À QUOI TU PENSES KOMOLO? / LE PASSAGE SECRET – Résidence de Des mots d’la dynamite

À QUOI TU PENSES KOMOLO? / LE PASSAGE SECRET – Résidence de Des mots d’la dynamite

Depuis sa fondation en 1988, le travail de la compagnie Des mots d’la dynamite s’inscrit dans la mouvance de l’art contemporain et de l’interdisciplinarité. C’est en privilégiant la rencontre intime et souvent avec des moyens volontairement artisanaux qu’elle prône le décloisonnement des disciplines. Le leitmotiv de la compagnie reste inchangé depuis sa fondation : Poétik + Philosophik = Politik. Ayant à son actif de nombreuses créations diffusées dans des salles de spectacles, musées, centres d’artistes, festivals et événements, la compagnie s’est produite au Québec, au Canada en Europe, aux États-Unis et à Cuba. Avec son projet À QUOI TU PENSES KOMOLO ?, l’artiste Nathalie Derome souhaitait aborder la tridimensionnalité chez le jeune enfant pour guider l’écriture d’un spectacle interdisciplinaire. (En résidence au Cube du 9 au 20 janvier 2023.)


JOURNAL DE BORD

Jour 1 – Lundi 9 janvier 2023 : Fébriles!

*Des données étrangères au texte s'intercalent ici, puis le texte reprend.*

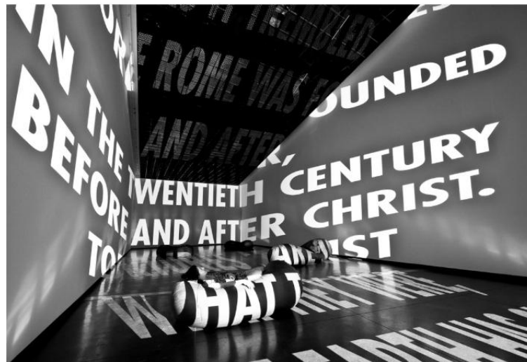
Resim 12. "İşkenceler" Wisława Szymborska'nın Kum Tanesi Görüntüsü'nden, Modern Sanatlar Merkezi Melbourne Avusturalya, Foto: C. Cappuro, 2019

Burada oluşan eylemsel sürecin teknoloji bağlamında Holzer'la ne kadar bütünleşmiş olduğunun ve çalışmalarını disiplinler arası temele uygulayabildiğinin altı çizilmelidir. Bu metinsel dilin insanlarla paylaşılması üzerine sanatçı, "Bir metin, olağandışı bir şey söylüyorsa insanlar bunu fark eder." diyerek sanat yaklaşımını bu düşünce yapısı üzerine temellendirmiştir (Soran Gumpert, 2002: 85). Holzer'ın kentsel-kamusal alanın nasıl kullanılabileceği ve kullanılmakta olduğu konusunda her zaman oldukça hassas olmasının nedeni de tam olarak budur. Bundan dolayı birçok şehrin önemli yapılarına akşamları yansıtma işlerinden metinler ve şiirler paylaşmaktadır (Resim 11). Glueck onun için "Teknoloji kullanımındaki kolaylık, seçkinci olmayan yaklaşımı, gelenek karşısındaki sabırsızlığı ve kitlelere erişme arzusuna bürünmüş bir sanatçı" olduğunu düşünür. (Barret, 2012: 133)

On va se faire une belle cachette avec l’aide de Nicolas, le DT du Carrousel si disponible et si généreux.

Nous, c’est Kristina Troske, (marionnettiste et interprète), François Martel (musicien, poète et narrateur), Amélie Dumoulin (dramaturge et souvent régisseure volontaire!), Nathalie Derome (artiste interdisciplinaire), qui choisit de se retirer du jeu pour pouvoir observer et mettre en scène, et la comédienne polyvalente Audrée Southière, (interprète et marionnettiste) qui la remplace dans le jeu.

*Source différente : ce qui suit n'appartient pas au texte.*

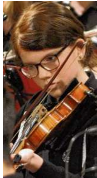
Hochkonzentriert: Das EGW-Schul-Orchester.

nale noch eine besondere Überraschung aufgehoben. Bevor es allerdings so weit war, genossen die Gäste in der voll besetzten St.-Jacobi-Kirche die fröhlichen Weih-

On va poursuivre nos explorations d’écriture de plateau avec l’ombre, la marionnette rudimentaire, la musique, la poésie et le jeu théâtral.

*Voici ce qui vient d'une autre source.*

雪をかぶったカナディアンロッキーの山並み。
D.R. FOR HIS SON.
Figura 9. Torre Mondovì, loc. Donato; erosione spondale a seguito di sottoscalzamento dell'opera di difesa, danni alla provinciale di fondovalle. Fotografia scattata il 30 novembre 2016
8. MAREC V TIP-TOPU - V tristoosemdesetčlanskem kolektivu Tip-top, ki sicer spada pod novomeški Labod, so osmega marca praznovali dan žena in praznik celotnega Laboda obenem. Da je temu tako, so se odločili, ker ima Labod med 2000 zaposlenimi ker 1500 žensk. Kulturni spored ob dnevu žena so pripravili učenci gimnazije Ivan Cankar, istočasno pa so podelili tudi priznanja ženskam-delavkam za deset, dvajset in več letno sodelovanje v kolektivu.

Bref, c’est lundi et on a du pain sur la planche!

Le matin vers 9h15, quand Amélie et moi arrivons avec le matériel, François a déjà installé son coin de musique. Il est prêt à tout et ça me fait rire! Kristina ne tarde pas. Elle mesure les espaces. Avec Nicolas, on installe nos objets: un écran rudimentaire, quelques lampes, une console d’éclairage, un système de son. On cache la lumière qui vient des fenêtres, etc.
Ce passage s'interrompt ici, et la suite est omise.